Last night on television was a short documentary on bio -artists. The idea of taking up a residency in a laboratory makes me cringe to begin with, but by the end of the show this was twofold. the 'bio-artists' - came off as Dr Frankensteins. sickly looking folk in lab jackets messing around with cells and placenta blood. aesthetically they were naive - a 6cm high 'jacket' growing? in a round vial - see photo. they then 'killed' the jacket by putting it in a petrie dish and squishing it with rubber gloved hands. it was really dumb.
They were attempting to make a point about life, but this 'jacket' was not self-sustaining or self-feeding. The cells self-perpetuated but of course they will. shaping it like a jacket is a cheap choice - a covering, a skin - and a really obvious attempt at being at the cutting edge of art yet not thinking beyond their wardrobes.

on Thomas Hart Benton





Thomas Hart Benton skirts a really strange area between postcard illustration and tripped out dreams. he painted "Trail Riders" in 1964 when he was 75. his style informs the modern low-brow techniques of recent times. it has a liquidity that produces a morphed space of unsureness. it sways like the ocean. Benton taught Jackson Pollock at the NY Art Students League in the early 1930's. Pollock always said that being there gave him something to rebel against, but because Benton was painting like this then, i think Pollock took a bit of the organic aesthetic on board.

Sunday, March 18, 2012

on accidental installation #2

the decision of the person who dropped the bagged bottle to not pick it up defines it as installation, but they did drop it accidentally one would surmise. the depth and shape of the cracks participate as well by channeling the liquid in random design. Someone asked,"Was it a homeless guy?" Someone else asked."What was in the bottle?" i just happened upon the piece and it was probably gone soon after. It was TIME and SITE specific.

Saturday, March 17, 2012

On Pollock & De Kooning





















These 2 paintings were made at roughly the same time, but the Pollock is a little earlier. So De Kooning may have seen it? Tonally they are very similar.
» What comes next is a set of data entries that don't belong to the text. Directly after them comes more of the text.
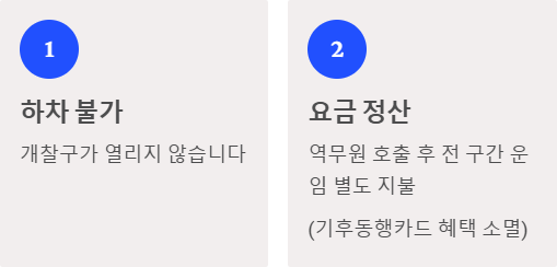 - 요금 정산: 역무원을 호출해 승차역~하차역 전 구간 운임을 별도로 지불해야 합니다. (기후동행카드 혜택 소멸)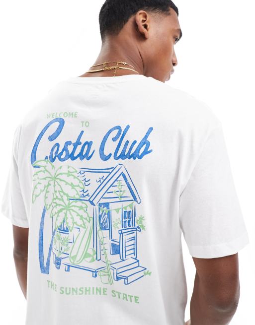 Jack & Jones - T-shirt oversize avec imprimé Costa Club - Blanc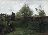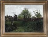 Mark med flettede hegn. Usigneret. Olie på lærred monteret på malepap. 35×48 cm.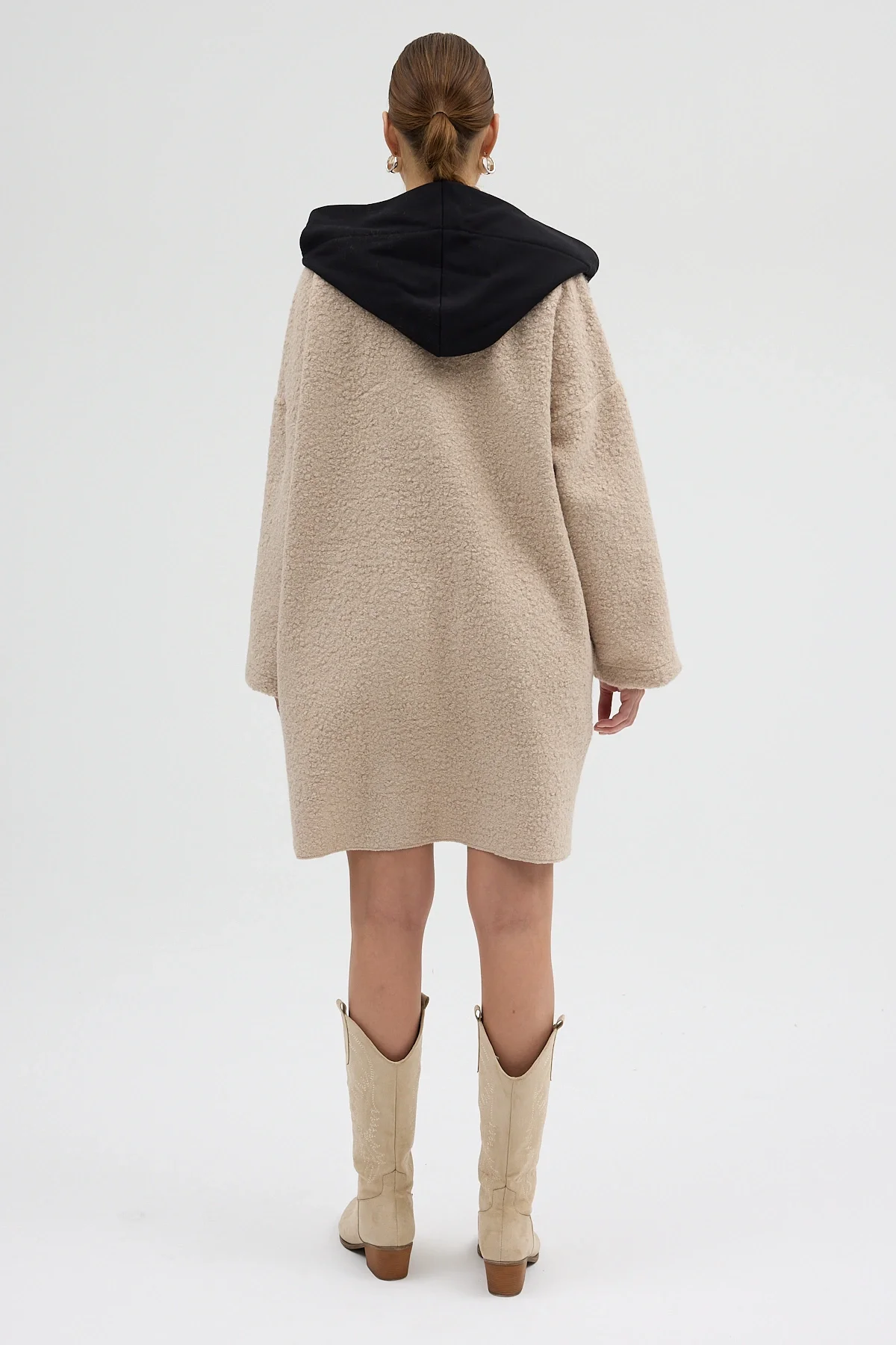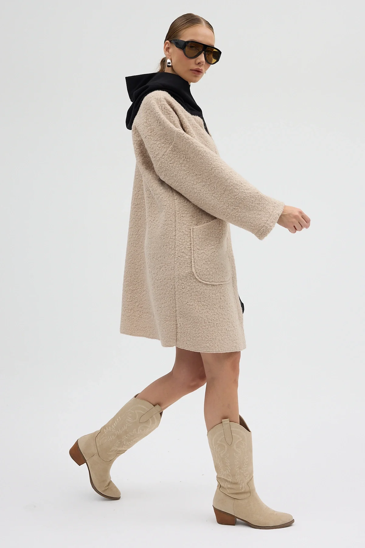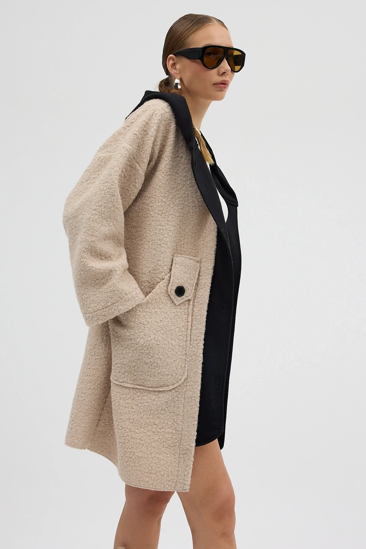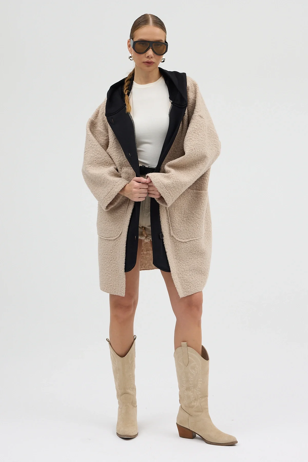 Kapüşonlu tasarımı ve çift cep detayıyla dikkat çeken bu kaşe kaban, düğmeli kapama sistemi ile zarafet ve kullanım kolaylığını bir araya getiriyor. Bej tonuyla her renkle uyum sağlayan klasik bir dış giyim parçası. Soğuk günlerde üstünüze alabileceğiniz hem şık hem sıcak tutan bir kaban alternatifi.

I don't like De Kooning. The pictures are muddy, messy and awkward. He has a strange attitude to women and the female form as well, verging on misogyny and at the least very angry towards them. Pollock called him a "French painter", suggesting that he covered things up with style.
Pollock is from another place altogether. When he happened upon the drip he invented a new artistic language and pushed it, abandoning the paintbrush and tapping into something raw that celebrated both sexes and the bubbling primordial soups of the cosmos. Not totally random but with mapped intelligence. "Painting is a state of being."
After Pollocks funeral, a story goes that De Kooning slurred, "I saw Jackson in his grave. It's over. I'm number one." Huh?

Thursday, March 15, 2012

on graffiti #1




















Graffiti is sloganeering. The most astute forms are absurdist social comment, and this form is the one that impresses me. A few words or letters - it works with the brick, wood, metal or concrete. Kind of like a badge on clothing.
You can tell its been done quickly - there is no attention to detail or precision writing - it is about getting it on. The adrenalin is visible in the letters.

Tagging is the worst form of graffiti. It is ego driven generic scribble that ruins the view.